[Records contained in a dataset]

———

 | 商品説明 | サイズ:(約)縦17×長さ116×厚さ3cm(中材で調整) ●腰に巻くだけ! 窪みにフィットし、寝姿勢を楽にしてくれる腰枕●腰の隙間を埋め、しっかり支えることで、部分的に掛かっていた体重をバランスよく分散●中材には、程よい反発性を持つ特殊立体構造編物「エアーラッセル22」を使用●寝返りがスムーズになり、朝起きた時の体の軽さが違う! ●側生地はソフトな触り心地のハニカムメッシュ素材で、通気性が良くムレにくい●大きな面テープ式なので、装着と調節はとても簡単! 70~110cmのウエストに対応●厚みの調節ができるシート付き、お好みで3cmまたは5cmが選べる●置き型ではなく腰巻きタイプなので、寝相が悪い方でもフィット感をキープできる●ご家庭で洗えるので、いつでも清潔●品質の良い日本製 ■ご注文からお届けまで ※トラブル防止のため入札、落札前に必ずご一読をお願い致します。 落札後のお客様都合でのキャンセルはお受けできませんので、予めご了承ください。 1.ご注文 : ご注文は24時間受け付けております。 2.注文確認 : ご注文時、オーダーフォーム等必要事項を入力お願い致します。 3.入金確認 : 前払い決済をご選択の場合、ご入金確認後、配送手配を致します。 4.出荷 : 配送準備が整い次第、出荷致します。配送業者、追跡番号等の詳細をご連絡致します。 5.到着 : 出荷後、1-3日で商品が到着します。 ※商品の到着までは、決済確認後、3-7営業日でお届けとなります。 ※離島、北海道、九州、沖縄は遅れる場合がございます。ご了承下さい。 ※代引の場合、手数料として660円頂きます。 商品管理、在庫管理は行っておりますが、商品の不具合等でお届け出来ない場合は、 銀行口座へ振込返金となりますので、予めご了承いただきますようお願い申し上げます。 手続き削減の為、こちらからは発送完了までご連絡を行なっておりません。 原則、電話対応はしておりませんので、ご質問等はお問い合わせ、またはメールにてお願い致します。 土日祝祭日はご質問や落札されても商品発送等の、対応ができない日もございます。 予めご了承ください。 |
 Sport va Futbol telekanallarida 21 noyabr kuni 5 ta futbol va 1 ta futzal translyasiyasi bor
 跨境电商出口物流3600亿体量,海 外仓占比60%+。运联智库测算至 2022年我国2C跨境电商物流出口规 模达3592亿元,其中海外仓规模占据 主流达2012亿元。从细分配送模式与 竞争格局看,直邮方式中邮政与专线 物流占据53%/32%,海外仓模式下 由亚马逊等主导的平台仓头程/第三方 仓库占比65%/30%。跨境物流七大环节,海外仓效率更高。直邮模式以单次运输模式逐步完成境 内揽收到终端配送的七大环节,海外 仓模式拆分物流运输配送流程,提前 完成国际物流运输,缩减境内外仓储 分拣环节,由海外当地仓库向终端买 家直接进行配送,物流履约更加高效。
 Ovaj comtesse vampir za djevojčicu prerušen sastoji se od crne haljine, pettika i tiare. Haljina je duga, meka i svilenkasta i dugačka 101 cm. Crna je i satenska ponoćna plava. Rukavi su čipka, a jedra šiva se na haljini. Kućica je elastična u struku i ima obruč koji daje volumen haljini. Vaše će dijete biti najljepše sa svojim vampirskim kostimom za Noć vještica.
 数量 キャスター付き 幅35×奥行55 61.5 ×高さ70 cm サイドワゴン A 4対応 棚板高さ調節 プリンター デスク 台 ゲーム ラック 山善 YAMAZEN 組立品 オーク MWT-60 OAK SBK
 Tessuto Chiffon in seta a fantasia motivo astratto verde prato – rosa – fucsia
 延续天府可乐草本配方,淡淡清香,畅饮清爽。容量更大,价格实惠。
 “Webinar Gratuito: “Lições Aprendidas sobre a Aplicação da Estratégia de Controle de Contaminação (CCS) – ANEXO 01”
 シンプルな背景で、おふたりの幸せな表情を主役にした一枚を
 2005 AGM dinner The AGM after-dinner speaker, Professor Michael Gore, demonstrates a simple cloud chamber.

———

_What you will do_
Please print each entry once more, exactly as it reads.

_Expected answer_
 | 商品説明 | サイズ:(約)縦17×長さ116×厚さ3cm(中材で調整) ●腰に巻くだけ! 窪みにフィットし、寝姿勢を楽にしてくれる腰枕●腰の隙間を埋め、しっかり支えることで、部分的に掛かっていた体重をバランスよく分散●中材には、程よい反発性を持つ特殊立体構造編物「エアーラッセル22」を使用●寝返りがスムーズになり、朝起きた時の体の軽さが違う! ●側生地はソフトな触り心地のハニカムメッシュ素材で、通気性が良くムレにくい●大きな面テープ式なので、装着と調節はとても簡単! 70~110cmのウエストに対応●厚みの調節ができるシート付き、お好みで3cmまたは5cmが選べる●置き型ではなく腰巻きタイプなので、寝相が悪い方でもフィット感をキープできる●ご家庭で洗えるので、いつでも清潔●品質の良い日本製 ■ご注文からお届けまで ※トラブル防止のため入札、落札前に必ずご一読をお願い致します。 落札後のお客様都合でのキャンセルはお受けできませんので、予めご了承ください。 1.ご注文 : ご注文は24時間受け付けております。 2.注文確認 : ご注文時、オーダーフォーム等必要事項を入力お願い致します。 3.入金確認 : 前払い決済をご選択の場合、ご入金確認後、配送手配を致します。 4.出荷 : 配送準備が整い次第、出荷致します。配送業者、追跡番号等の詳細をご連絡致します。 5.到着 : 出荷後、1-3日で商品が到着します。 ※商品の到着までは、決済確認後、3-7営業日でお届けとなります。 ※離島、北海道、九州、沖縄は遅れる場合がございます。ご了承下さい。 ※代引の場合、手数料として660円頂きます。 商品管理、在庫管理は行っておりますが、商品の不具合等でお届け出来ない場合は、 銀行口座へ振込返金となりますので、予めご了承いただきますようお願い申し上げます。 手続き削減の為、こちらからは発送完了までご連絡を行なっておりません。 原則、電話対応はしておりませんので、ご質問等はお問い合わせ、またはメールにてお願い致します。 土日祝祭日はご質問や落札されても商品発送等の、対応ができない日もございます。 予めご了承ください。 |
 Sport va Futbol telekanallarida 21 noyabr kuni 5 ta futbol va 1 ta futzal translyasiyasi bor
 跨境电商出口物流3600亿体量,海 外仓占比60%+。运联智库测算至 2022年我国2C跨境电商物流出口规 模达3592亿元,其中海外仓规模占据 主流达2012亿元。从细分配送模式与 竞争格局看,直邮方式中邮政与专线 物流占据53%/32%,海外仓模式下 由亚马逊等主导的平台仓头程/第三方 仓库占比65%/30%。跨境物流七大环节,海外仓效率更高。直邮模式以单次运输模式逐步完成境 内揽收到终端配送的七大环节,海外 仓模式拆分物流运输配送流程,提前 完成国际物流运输,缩减境内外仓储 分拣环节,由海外当地仓库向终端买 家直接进行配送,物流履约更加高效。
 Ovaj comtesse vampir za djevojčicu prerušen sastoji se od crne haljine, pettika i tiare. Haljina je duga, meka i svilenkasta i dugačka 101 cm. Crna je i satenska ponoćna plava. Rukavi su čipka, a jedra šiva se na haljini. Kućica je elastična u struku i ima obruč koji daje volumen haljini. Vaše će dijete biti najljepše sa svojim vampirskim kostimom za Noć vještica.
 数量 キャスター付き 幅35×奥行55 61.5 ×高さ70 cm サイドワゴン A 4対応 棚板高さ調節 プリンター デスク 台 ゲーム ラック 山善 YAMAZEN 組立品 オーク MWT-60 OAK SBK
 Tessuto Chiffon in seta a fantasia motivo astratto verde prato – rosa – fucsia
 延续天府可乐草本配方,淡淡清香,畅饮清爽。容量更大,价格实惠。
 “Webinar Gratuito: “Lições Aprendidas sobre a Aplicação da Estratégia de Controle de Contaminação (CCS) – ANEXO 01”
 シンプルな背景で、おふたりの幸せな表情を主役にした一枚を
 2005 AGM dinner The AGM after-dinner speaker, Professor Michael Gore, demonstrates a simple cloud chamber.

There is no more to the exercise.